LightSurf Technologies, Inc.
- Type: 1998-2005: Private 2005-2009: Subsidiary of VeriSign 2009-present: Subsidiary of Syniverse Technologies
- Industry: Wireless
- Founded: 1998; 28 years ago
- Headquarters: Santa Cruz, California
- Key people: Philippe Kahn, Founder Sonia Lee, Co-Founder

= LightSurf =

LightSurf was a provider of multimedia messaging and interoperability solutions for the wireless industry. The company was founded in 1998 by tech entrepreneurs Philippe Kahn and Sonia Lee and was based in Santa Cruz, California.

==History==
LightSurf was founded in 1998 by Philippe Kahn and his wife, Sonia Lee.

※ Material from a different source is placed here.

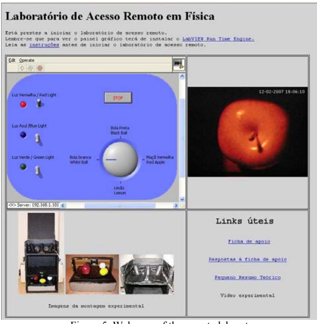
Figure 5. Webpage of the remote laboratory

The company was acquired by VeriSign in 2005 and was then sold to telecommunications service provider Syniverse Technologies in late 2009.

==Products==

The company's core technology, the LightSurf 6 Open Standards MMS Platform, was a suite of hosted and managed MMS services that allowed users to capture, view, annotate, and share multimedia messages with any handset or e-mail address, regardless of device, file type, or network operator.

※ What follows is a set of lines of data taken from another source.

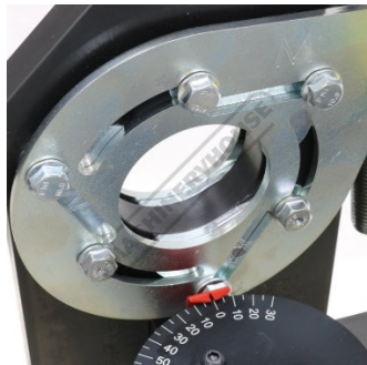
Self Centering Vice Shown Open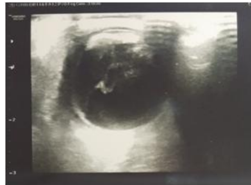
Picture 3 and 4: Self sealed corneal tear with pseudophakic retinal detachment in B scan.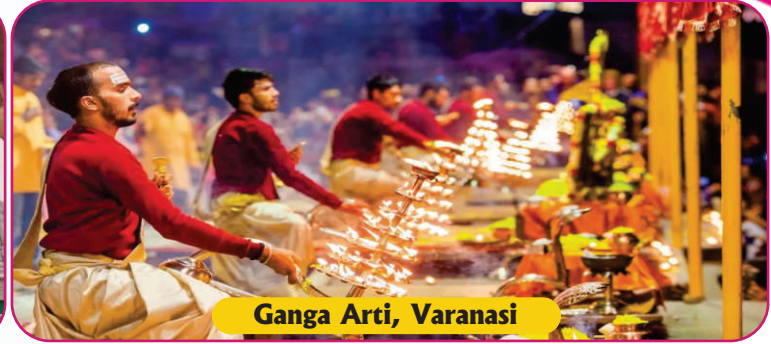
Ganga Arti, Varanasi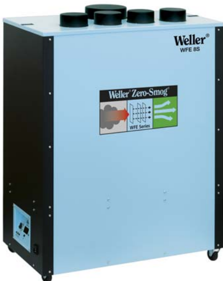
New mobile fume extraction unit WFE 8S purifies air up to eight workplaces!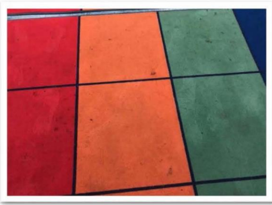
Rug Before Cleaning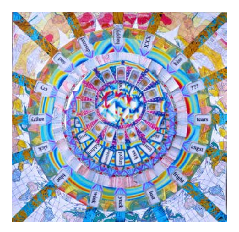
View Master, 2017 Collage, 21 ½ × 21 ½ in. (54,6 × 54,6 cm)

LightSurf's products include the first mobile picture messaging solution in North America, GSM, the first mobile picture messaging solution on a GPRS carrier network, the first commercially deployed inter-carrier MMS solution in North America, the highest volume of picture and video messaging in North America and over 400 million media messages shared on Sprint's network (powered by LightSurf).